Another major change in Canada's energy policy in the 1990s was that it began to pay attention to environmental and climate change issues, signed the Kyoto Protocol, implemented the sustainable development strategy, and encouraged the development of alternative energy sources and energy conservation. Canada is the seventh largest consumer of basic energy in the world, with per capita energy consumption and carbon dioxide emissions in the forefront of the world, and the energy industry accounts for 80% of carbon dioxide emissions. In the face of increasingly serious air pollution and climate change, Canada's social and environmental responsibilities in the world have increased. The government signed and ratified the Kyoto Protocol, with the goal of reducing carbon dioxide emissions by 5.2% from the level of 1990 by 2008-20 12. However, since Canada signed the Kyoto Protocol, there have been voices of opposition in China (mainly from the western energy industry), believing that this will make Canada's energy industry lose its competitive advantage.
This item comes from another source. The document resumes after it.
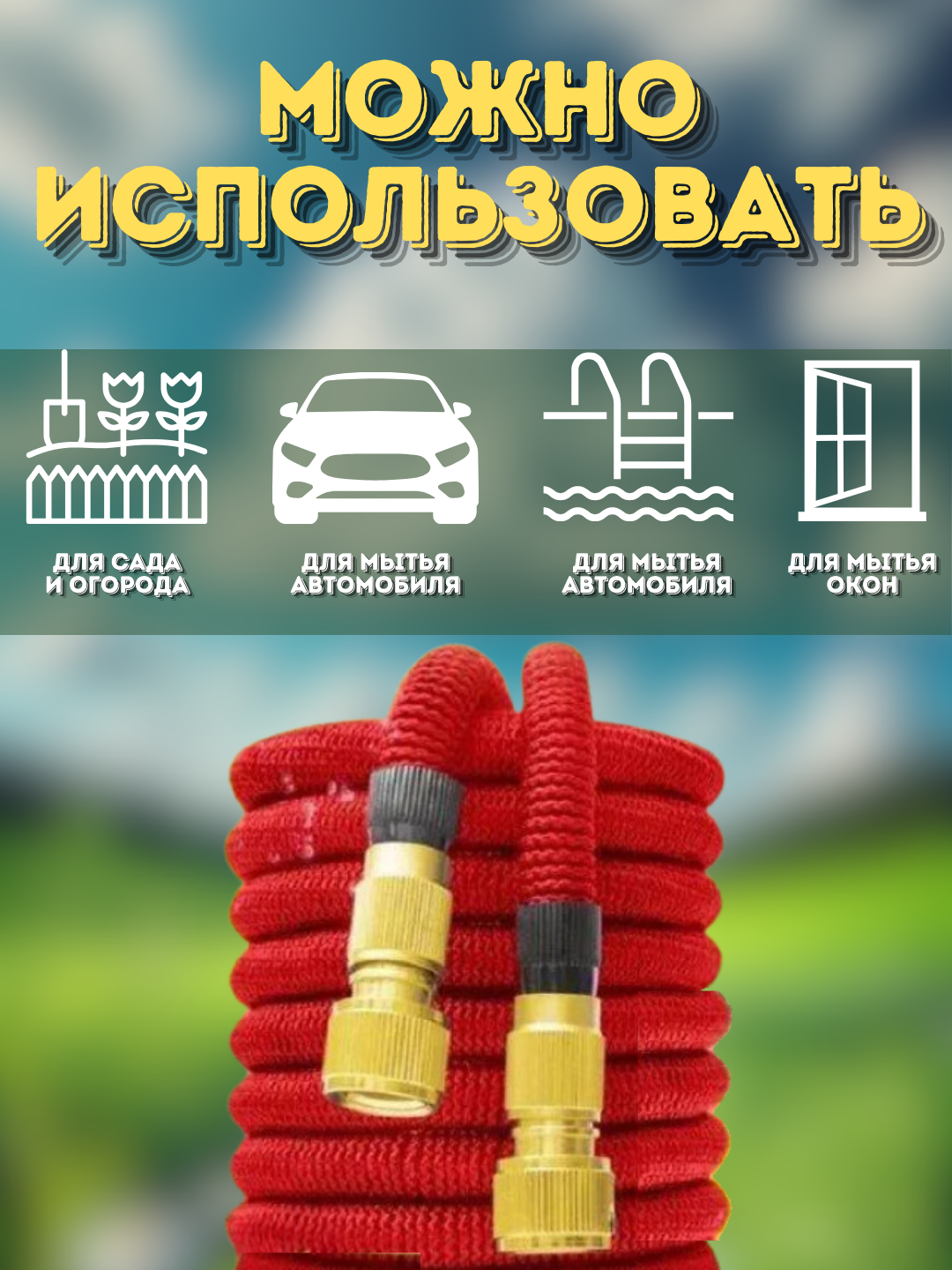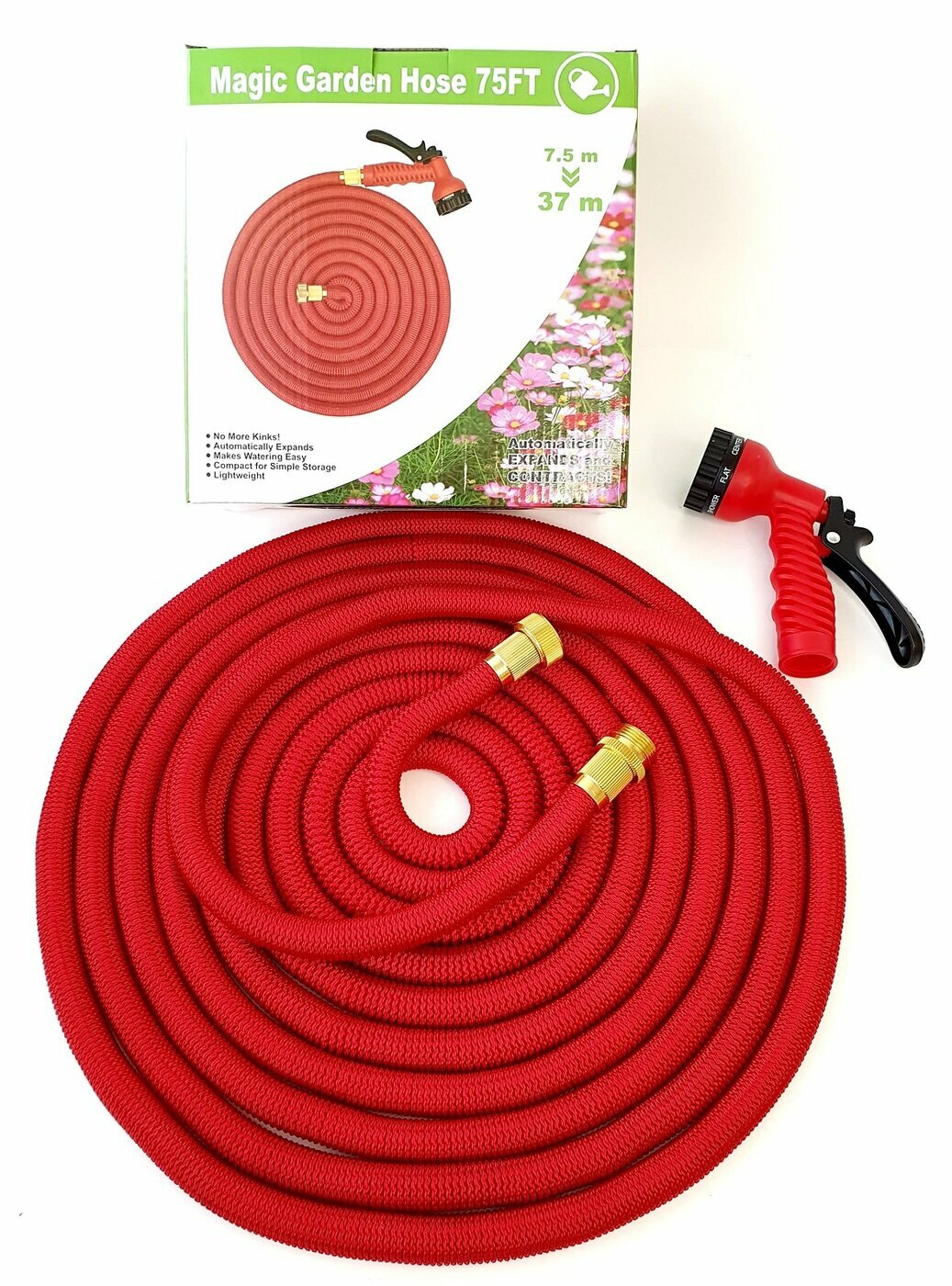 Шланг поливочный удлиняющийся с распылителем 7,5-37 метр, красный
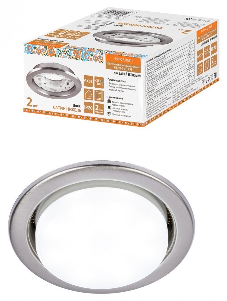 TDM Светильник встраиваемый СВ 01-08 GX53 220 В 50 Гц, сатин никель, 2 шт/уп, Народный SQ0359-0109

At present, the attitude of the new Conservative government towards the Kyoto Protocol has also wavered, saying that the government is discussing new methods and policies to deal with environmental pollution and climate change. In the 1990s, the Canadian government began to implement the sustainable development plan in the field of natural resources, and promulgated a series of very strict standards and regulations for environmental protection and energy conservation, and at the same time gave financial and tax policy support to the development of alternative energy.
To sum up, the evolution of Canadian government's energy policy has gone through several stages: development in the 1960s, national security in the early 1970s and 1980s, market prosperity after the mid-1980s, and environmental protection since the 1990s. However, the sensitive issue of ownership and control of energy resources runs through the whole process of energy policy formulation, during which foreign governments and capitals wrestle with Canadian governments and enterprises and domestic politics.